What I’m Reading: Self Help, Lorrie Moore

Author: Tess Gunty '15

For my thesis colloquium course at Notre Dame this past fall, I read “People Like That Are the Only People Here,” a short story by Lorrie Moore. Captivated by her wit, emotional power, nimble language and pithy social insight, I vowed to find more Moore. Finally — seven months, a complete thesis and one diploma later, I did.

Thrilled at the prospect of reading for pleasure (who knew such a thing could be so hard to come by for an English major?), I purchased three of Moore’s books and decided to read them chronologically by publication date.

Moore’s first full-length work is the collection of short stories, Self Help, which she published in 1985 at the age of 28. She wrote most of the pieces for her Creative Writing MFA thesis at Cornell, and the work received widespread critical acclaim, drawing praise from People, the San Francisco Chronicle, Vanity Fair and The New York Times. A review from the latter called Moore’s stories “fine, funny, and very moving pictures of contemporary life [from] a writer of enormous talent.” The collection of nine short stories features a variety of female protagonists who navigate unfulfilling romances, mind-numbing jobs, damaged family relationships, mortality and madness.

Moore confronts the gloomy — even tragic — aspects of daily American life, but what struck me first about her writing was its humor. The narration weaves comedy into the melancholic with an ease that might risk irreverence if not for its sincerity. In the gravest of moments — a woman suspects her husband of an affair, a child is caught in the middle of her parents’ divorce, a woman grapples with her terminal illness — Moore manages to make me laugh. But to call this effect mere “comic relief” might not convey the full picture: When you dig beneath the surface of Moore’s funnier moments, you find that her humor tends to expose uncomfortable realities and character flaws.

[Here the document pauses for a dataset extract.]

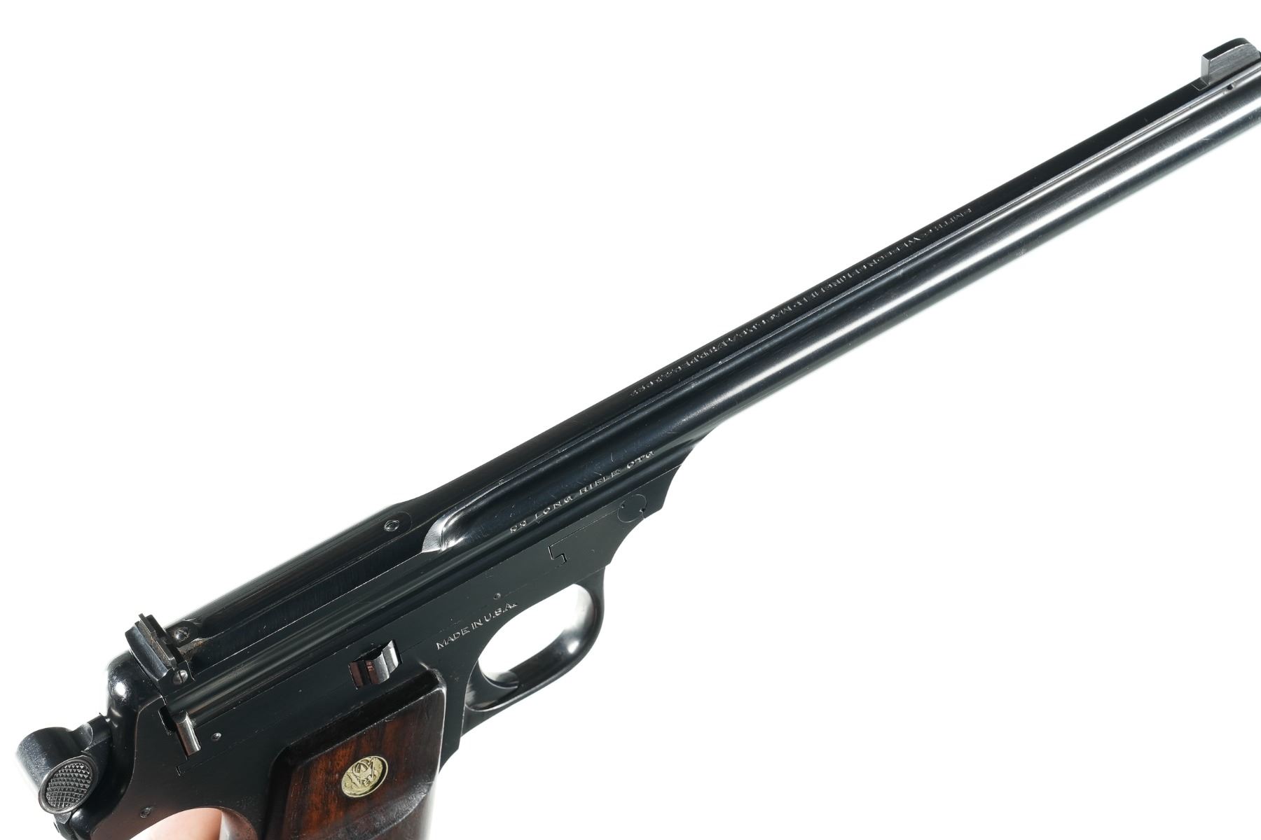 .22 lr Serial # 1356 Smith & Wesson Straight line 22 LR single shot target pistol Number 1356 10" Bbl with factory metal case. Condition Pistol is very fine with bright bore and retaining over 90% finish with losses at grip straps. Operates properly. Case is oxidized and lining is distressed. Barrel 10" C&R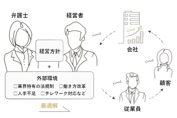私がこれまで出会った経営者の方々には、業界特有の法規制や人手不足の中にありながら、労働法をしっかりと守りたい、従業員が働きたいと思える職場づくりをしたい、そうすることで会社のお客様により良い商品やサービスを提供していきたい、と考えている方が多くいらっしゃいました。

Although most of the stories are written from first-person perspective, Moore also generously employs second-person, which suits the ironic “how-to” tone of the collection. Deft use of “you” narration has become one of Moore’s trademarks, and she once joked in an interview that she is now “blamed for all MFA students’ overuse of the second-person.” As an aspiring fiction writer about to begin a creative writing MFA myself, I can understand why she’s charged with such an offense: Her narrative style is contagious. When I first began Self Help, I found myself impulsively sprinting from the book to my laptop every other page, eager to record the inspiration that seemed to ascend from the ink of my copy. I now read Self Help with a notebook by my side.

Moore has the rhythm of a jazz musician, punctuating her lyrical prose with blunt, staccato remarks. True to her title, she prescribes a tongue-in-cheek self-help approach to life’s most ordinary but painful struggles — falling in and out of love, accepting the imperfections of parents and the mortality of loved ones, figuring out “How to Talk to Your Mother” (a featured story title). In every piece, Moore draws attention to the importance of making mistakes. “Do this,” Moore seems to tell us, “Go Like This” (another story title), and “fail miserably.”

In the opening lines of “How to Become a Writer,” the narrator says, “it is best if you fail at an early age — say, fourteen. Early critical disillusionment is necessary so that at fifteen you can write long haiku sequences about thwarted desire.” It is the failing that appears to interest Moore most; she peels back the pretty veneer of the Put Together and instead shows us characters who are falling apart — endearing, familiar and resilient in their disarray.

Self Help possesses a maturity, unification and fluidity uncommon to first works — especially ones written at such a young age. Having read some of her subsequent writing, I can safely say Moore sustains and develops the elements that enchanted readers in her debut collection. It’s also worth pointing out that even though her writing primarily features female protagonists, both Lorrie Moore recommendations I’ve received within the past year came from men.

She is a writer’s writer, a poet’s writer, a reader’s writer, a musician’s writer, a woman’s writer, a man’s writer — in short, Lorrie Moore is a good writer, and Self Help is a great place to start.


Tess Gunty is the summer 2015 editorial assistant at this magazine.